BROADUS,David Hale.Introdução ao Estudo do Novo Testamento.Rio de Janeiro:Editora Juerp,1983.
CARSON,D.A.;MOO,Dougla;MORRIS,Leon.Introdução ao Novo Testamento.São Paulo: Editora Vida Nova,1997.
CULLMANN,Oscar.A Formação do Novo Testamento.São Paulo:Editora Sinodal,1984.
GUNDRY,Robert H.Panorama do Novo Testamento.São Paulo:Vida Nova, 1978.
KUMMELL,W.G.Introdução ao Novo Testamento.São Paulo: Paulus/Teológica,2003.
QUESNEL,Michel.Paulo e as Origens do Cristianismo.São Paulo:Paulinas, 2005.
TERRA,João E.M.Revista de Cultura Bíblica – Cartas de São Paulo.São Paulo:Edições Loyola,2000.
VIELHAUER,Phillip.História da Literatura Cristã Primitiva.São Paulo:Academia Cristã,2005.


[1] No texto anterior (“Gênero Literário de Romanos”) usamos o termo “Gênero” com a acepção de “tipo literário”; aqui usamos o termo “Forma” referindo-se à “Estrutura Literária” de um dado escrito.

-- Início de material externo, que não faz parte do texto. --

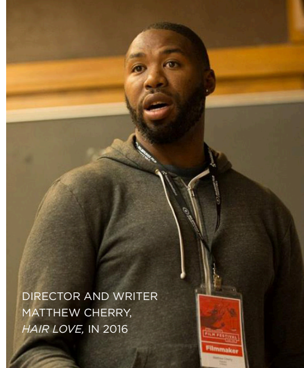
DIRECTOR AND WRITER MATTHEW CHERRY, HAIR LOVE , IN 2016

750: STUDENTS IMPACTED BY REEL TALKS, WHICH BRING FILMMAKERS INTO THE CLASSROOM

[2] Fontes bibliográficas: Kümmel, W.G. (1982). Introdução ao novo testamento. Paulinas: São Paulo; Revista de Cultura Bíblica. Cartas de são paulo.n.95/96.2000.Loyola. São Paulo; Quesnel,Michel.Paulo e as origens do cristianismo.Paulinas:São Paulo. Fica, portanto, proibida a reprodução deste texto por qualquer meio gráfico sem a autorização prévia deste professor-autor.
[3] Cf.Kümmel,Werner G.Introdução ao novo testamento.p.318.

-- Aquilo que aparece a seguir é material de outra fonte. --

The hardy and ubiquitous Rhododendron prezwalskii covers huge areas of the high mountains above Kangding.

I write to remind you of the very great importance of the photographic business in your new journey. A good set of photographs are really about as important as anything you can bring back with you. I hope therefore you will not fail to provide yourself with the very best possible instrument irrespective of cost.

[4] Pesquisas nesta direção já foram empreendidas no que tange à retórica semítica e à retórica greco-romana, com fins a compreensão literária das epístolas paulinas. Estas leituras retóricas são definidas como “Novos Métodos de Análise Literária”.
[5] Um verdadeiro marco nesse campo é o comentário de Gálatas de Betz, H.D.Galatians; a Commentary on Paul’s Letter to the Churches in Galatia. Philadelphia,1979. Temos também em língua portuguesa um excelente trabalho do gênero em forma de artigo de autoria de José Roberto Cardoso: 1 Tessalonicenses – Epístola e Peça Retórica.publicado pela Fides Reformata:Mackenzie.Andrew Jumper.

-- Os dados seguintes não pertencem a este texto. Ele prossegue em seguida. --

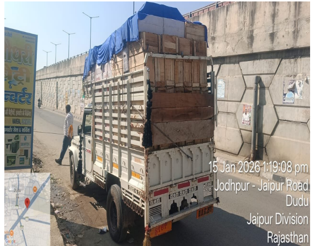
15 Jan 2026 1:19:08 pm Jodhpur - Jaipur Road Dudu Jaipur Division Rajasthan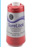
6110 Thread Wt. 40

[6] Todavia, esse exemplo nos mostra que Paulo não segue a retórica de modo servil. Assim, o uso da retórica para a compreensão das cartas paulinas deve ser feito com muita cautela, levando-se em consideração constante o uso peculiar que Paulo faz dela e de outros recursos disponíveis em seu tempo. Em outras palavras,deve-se estar atento a originalidade paulina na articulação de seus escritos.